Similarly, we will construct a kernel of the error gradient distribution through the above operations for the backporpagation pass, CutTrendAndOtherGradient. This kernel receives pointers to similar data buffers with error gradients in its parameters.

__kernel void CutTrendAndOtherGradient(__global float *inputs_gr,
                                       __global const float *plr,
                                       __global float *plr_gr,
                                       __global const float *trend_gr,
                                       __global const float *other_gr
                                      )
  {
   const size_t i = get_global_id(0);
   const size_t lenth = get_global_size(0);
   const size_t v = get_global_id(1);
   const size_t variables = get_global_size(1);

Here we use the same 2-dimensional task space in which we identify the current thread. After that we define the values of the constants.

//--- constants
   const int shift_in = i * variables + v;
   const int step_in = variables;
   const int shift_plr = v;
   const int step_plr = 3 * step_in;

Next, we repeat the algorithm searching for the required segment.

//--- calc position
   int pos = -1;
   int prev_in = 0;
   int dist = 0;
   do
     {
      pos++;
      prev_in += dist;
      dist = (int)fmax(plr[shift_plr + pos * step_plr + 2 * step_in] * lenth, 1);
     }
   while(!(prev_in <= i && (prev_in + dist) > i));

But this time, we calculate the segment parameter error gradients.

//--- get gradient
   float other_i_gr = other_gr[shift_in];
   float trend_i_gr = trend_gr[shift_in] - other_i_gr;
//--- calc plr gradient
   pos = i - prev_in;
   float sloat_gr = trend_i_gr * pos;
   float intercept_gr = trend_i_gr;

And we save the results in the data buffer.

//--- save result
   plr_gr[shift_plr + pos * step_plr] += sloat_gr;
   plr_gr[shift_plr + pos * step_plr + step_in] += intercept_gr;
   inputs_gr[shift_in] = other_i_gr;
  }

Note that we do not overwrite, but append the error gradient to the existing data in the PRP gradient buffer.

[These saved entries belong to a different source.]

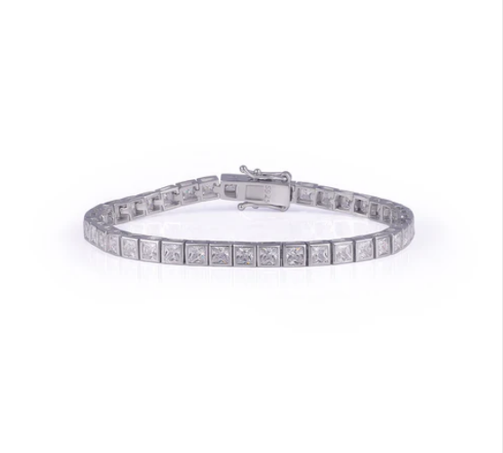 สร้อยข้อมือโมอิสซาไนต์ เงินแท้ 925 ทรงเหลี่ยมมรกต สร้อยข้อมือเพชร VVS1 โมอิสซาไนต์ผ่านการทดสอบเพชร ของขวัญเครื่องประดับ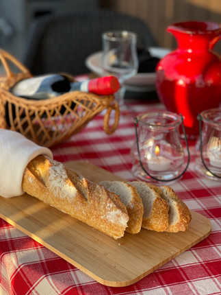 Baguetten skjæres på bordet surret i en hvit tøyserviett og med en fin rød mugge, 2 søte lyslykter og olje og balsamico-flasker gjorde resten av bordet seg selv!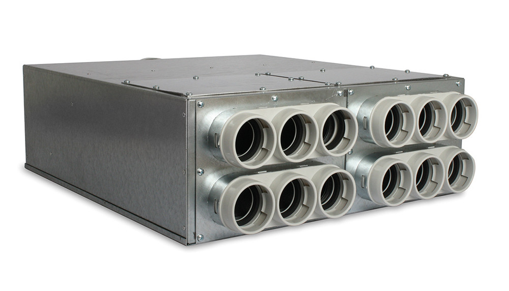 airleben Uniflexplus+ Stahlblech-Luftverteiler VK NW 160, Größe S, KWL-Rohranschlüsse 12 x NW 63mm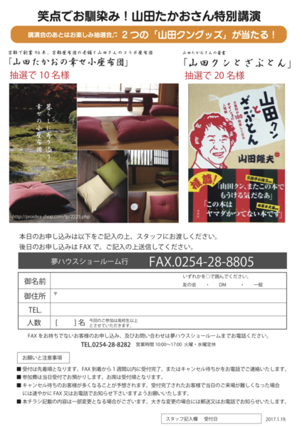 | 参加費用: | 2,000円 | 会場名: | 夢ハウスショールーム3階セミナールーム |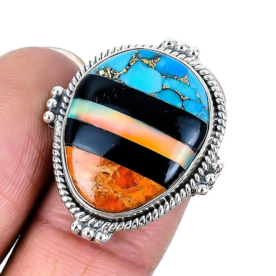 Natural Spiny Oyster Matrix 925 Silver Anniversary Birthday Statement Ring US 7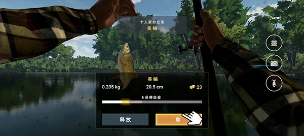 7、在鱼儿再次咬钩的瞬间,需快速长按右下角与左下角的按键,如此便能顺利钓获一条鱼。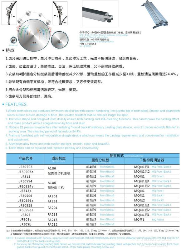 您所在的位置:紡機網(wǎng) > 產(chǎn)品庫 > GFB-ⅢQ系列梳棉機固定分梳板裝置、Ⅰ型棉網(wǎng)清潔器
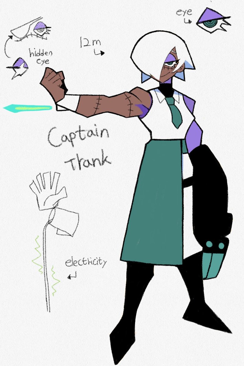 My new oc Captain Trank! She is the sister of Captain Combat and likes to fight and destroy, so she hides a lot of weapons in her clothespic.twitter.com/3CxJakXCig

This is due to the fact that we plan to use the time series PRP results in 2 directions:

Isolating trends as implemented in the kernel presented above
As prompts to the attention model, as mentioned above

Therefore, we need to collect the error gradient from 2 directions. In order to eliminate the use of an additional buffer and the unnecessary operation of summing the values of 2 buffers, we implemented summations in this kernel.

In addition, we created kernels CutOneFromAnother and CutOneFromAnotherGradient to separate the seasonal component from other data. The algorithm of these kernels is very simple and consists of literally 2-3 lines of code. I think you won't have any trouble understanding it on your own. The complete code for all the programs used in this article is included in the attachments.

This concludes operation on the OpenCL program side. Next, we can move to working with our main library.

2.2 Creating a TEMPO method class

On the side of the main program, we will build a rather complex and comprehensive algorithm of the considered TEMPO method. As you might have noticed, the proposed approach has a complex and branched data flow structure. Probably, this is the case when the implementation of the entire approach within the framework of one class will significantly increase the efficiency of exploitation of the proposed approaches.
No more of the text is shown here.